The term "SPAC2H10.04" does not correspond to any known antibody, antigen, or biomolecule in publicly available scientific records. Potential explanations include:
Nomenclature ambiguity: The identifier may represent an internal code from a proprietary database, unpublished research project, or non-standard naming convention.
Typographical error: Similar-sounding antibodies (e.g., anti-CD20, anti-O4, or SARS-CoV-2 S2-targeting antibodies) exist but do not align with this designation.
Emerging research: The compound might be under development but not yet disclosed in published studies.
While SPAC2H10.04 remains unidentified, the search results highlight several well-characterized antibodies with structural or functional parallels that could inform further inquiry:
To resolve the ambiguity surrounding "SPAC2H10.04 Antibody":
Verify nomenclature: Cross-check identifiers with repositories like UniProt, NCBI Protein, or the Human Protein Atlas.
Explore proprietary databases: Contact antibody manufacturers (e.g., R&D Systems, Abcam) for unpublished catalog entries.
Assay validation: If the antibody is part of an unpublished study, validate its specificity using techniques such as:
Fab region: Binds antigens via CDR loops (e.g., CDR-H3 dominates specificity ).
Fc region: Mediates effector functions (e.g., ADCC, CDC) and half-life .
Hinge region: Determines flexibility and protease susceptibility .
SPAC2H10.04 is a gene found in Schizosaccharomyces pombe (fission yeast) that encodes a protein involved in cellular processes. Based on general antibody research principles, antibodies against this protein would be designed to specifically recognize and bind to the SPAC2H10.04 protein product. When studying the function of such proteins, researchers typically use antibodies as molecular tools to detect, isolate, or visualize the target protein within cellular contexts. The specific cellular functions can be investigated using immunological techniques such as western blotting, immunoprecipitation, and immunofluorescence microscopy.
Validating antibody specificity is crucial for reliable experimental results.

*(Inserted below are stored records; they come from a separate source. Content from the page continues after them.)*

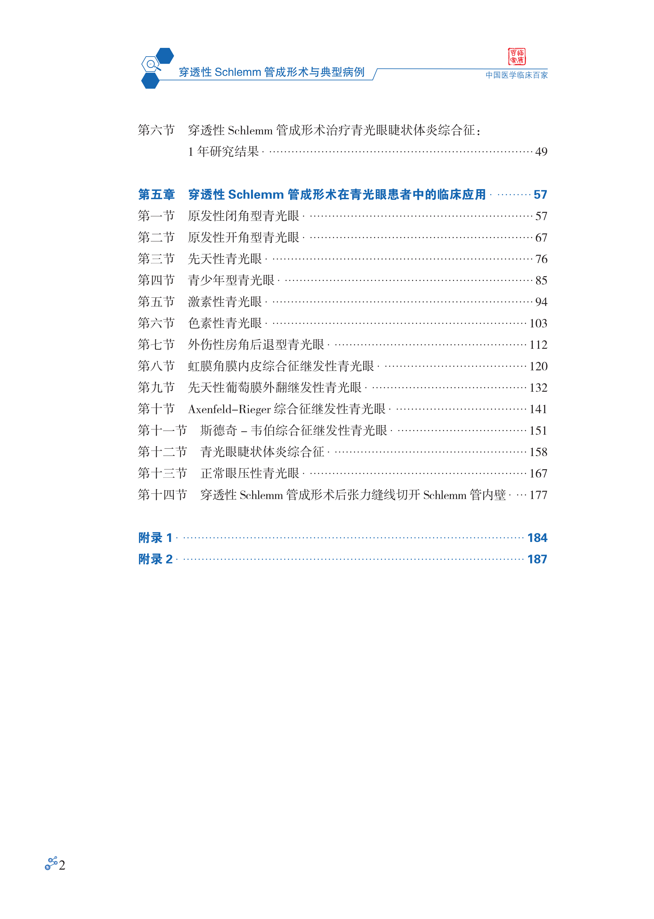 这本书记录了他探索穿透性 Schlemm 管成形术 8 年来实践的典 型病例,更重要的是他不仅收集一个一个的病例,还开展了前瞻 性的真实世界研究,形成病例系列的总结,其观察到的临床效果具有更好的参考性。很多医学和科学发现及技术发明产生于临床特殊病例和个案 典型病例的研究和分析,关注个案是临床研究的起始点。所以本 书所收集病例的分析和思想是其精华所在,更是经验的交流和想一种创新性青光眼手术的提出,到临床的开展,再到国内外 学者的认可是一个持续、长久的过程,在梁远波教授承担邯郸眼 病研究的过程中我就明白他具备坚持不懈的品质,可以完成这样 的长跑。作为一名医生,我们都需要不断地思考,不断地探索, 我很欣慰也很欣赏他善于思考的工作态度。希望我们眼科同道都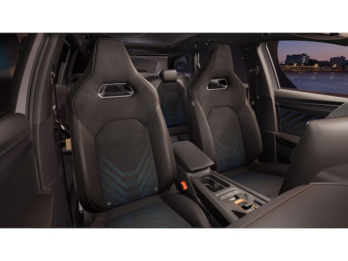 Interieur: Bekleding Dinamica en CUPRA logo in hoofdsteun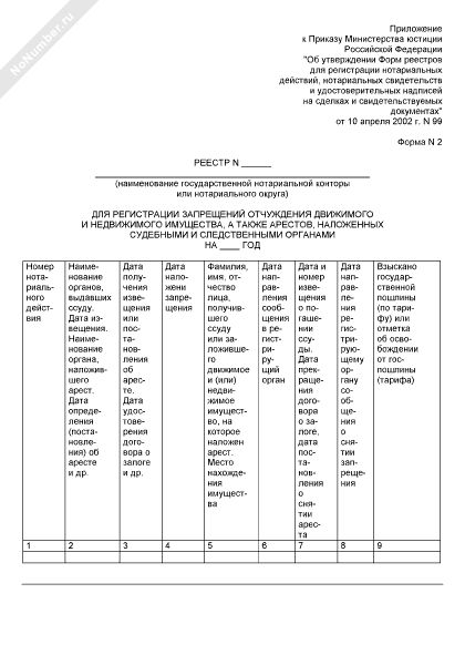 Реестр для регистрации запрещений отчуждения движимого и недвижимого имущества, а также арестов, наложенных судебными и следственными органами (форма № 2)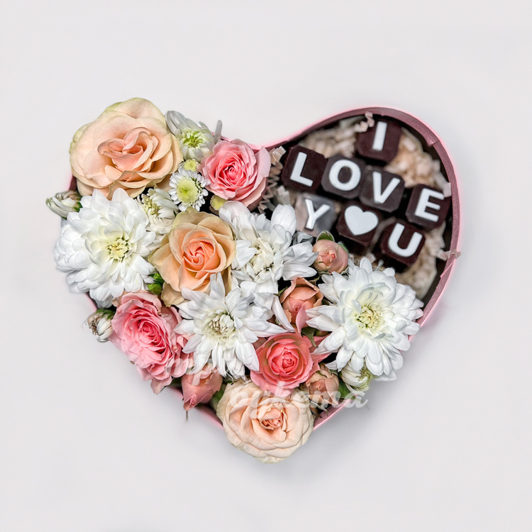 Коробка-сердце из хризантем и роз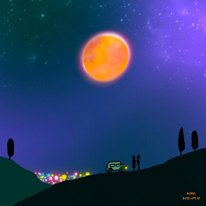 2021.09.21は #中秋の名月 英語で #ハーベストムーン。 ハーベストでお菓子の名前が浮かんだのは私だけ?😊 #HarvestMoon #満月 #夜景 #お絵描き好きさんと繋がりたい #イラスト好きさんと繋がりたい #絵本好きさんと繋がりたい #お絵描き練習中 #デジタルイラスト

A comprehensive validation approach would include:
Western blot analysis comparing wild-type samples with SPAC2H10.04 knockout or knockdown samples
Immunoprecipitation followed by mass spectrometry to confirm the pulled-down protein
Peptide competition assays to demonstrate specific binding
Cross-reactivity testing against related proteins
Immunofluorescence comparing wild-type and knockout cells
For monoclonal antibodies, validation typically involves demonstrating specific binding to the target while showing minimal cross-reactivity with other proteins. This approach parallels validation methods used for other well-characterized antibodies in similar research contexts .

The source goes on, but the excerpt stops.